16 August 2006Yahoo! NewsJitendra Joshi
The first mass exodus of people fleeing the disastrous effects of climate change is not happening in low-lying Pacific islands but in the world's richest country, a US study said.
"The first massive movement of climate refugees has been that of people away from the Gulf Coast of the United States," said the Earth Policy Institute, which has warned for years that climate change demands action now.
Institute president Lester Brown said that about a quarter of a million people who fled the devastating impact of Hurricane Katrina a year ago must now be classed as "refugees".
"Interestingly, the country to suffer the most damage from a hurricane is also primarily responsible for global warming," he said.
The United States is the world's largest consumer of energy, but has refused to sign up to the Kyoto pact aimed at reducing emissions of gases that scientists say are to blame for heating up the Earth.
Many environmentalists had expected the first big population shift to come somewhere like the Tuamotu islands in French Polynesia, the world's largest chain of atolls which rise barely metres (feet) from the Pacific.
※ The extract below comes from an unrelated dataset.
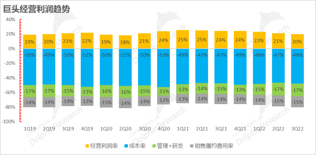 从五巨头的整体经营利润来看,整体收入相对坚挺的情况下,巨头利润不约而同齐齐下行,而归纳原因来看:

Rising sea levels are part of the problem afflicting low-lying places but, experts argue, so are tropical storms that are mounting in ferocity because of warmer ocean temperatures.
Brown said many thousands of people who evacuated last year as Katrina slammed into New Orleans and other populated areas on the Mississippi and Louisiana coasts had no intention of returning.
"We estimate that at least 250,000 of them have established homes elsewhere and will not return," he said.
"They no longer want to face the personal trauma and financial risks associated with rising seas and more destructive storms. These evacuees are now climate refugees."
Many businesses have also deserted the coastal towns left ravaged by Katrina as insurance and other costs soar, the study said.
"As rising seas and more powerful hurricanes translate into higher insurance costs in these coastal communities, people are retreating inland," Brown said.
"And just as companies migrate to regions with lower wages, they also migrate to regions with lower insurance costs."
The study also warned: "The experience with more destructive storms in recent years is only the beginning."
The institute said that since 1970, the Earth's average temperature has risen by one degree Fahrenheit, but by 2100 it could rise by up to 10 degrees Fahrenheit (six degrees Celsius).
Rising temperatures could melt glaciers and polar ice caps, raising sea levels and displacing coastal residents worldwide.
"The flow of climate refugees to date numbers in the thousands, but if we do not quickly reduce CO2 (carbon dioxide) emissions, it could one day number in the millions," Brown said.
The institute's study classed "climate refugees" as part of a larger group of people who have been forced from their homes by man-made environmental change such as overgrazing.
"Overgrazing destroys the vegetation which leads then to local sandstorms ... we are looking at growing flows of environmental refugees in Africa, for example in Nigeria, Senegal, Mauritania or Kenya," Brown told reporters.
Millions of people in northern and western China have abandoned their villages as the land turns semi-arid because of overgrazing, the study said.
China is also the second biggest greenhouse-gas polluter after the United States thanks to the voracious rise in coal, gas and oil consumption to power its economic growth.
The booming port city of Shanghai could be at risk of flooding from more ferocious typhoons linked to global warming as it is only a metre (three feet) above sea level, Brown said.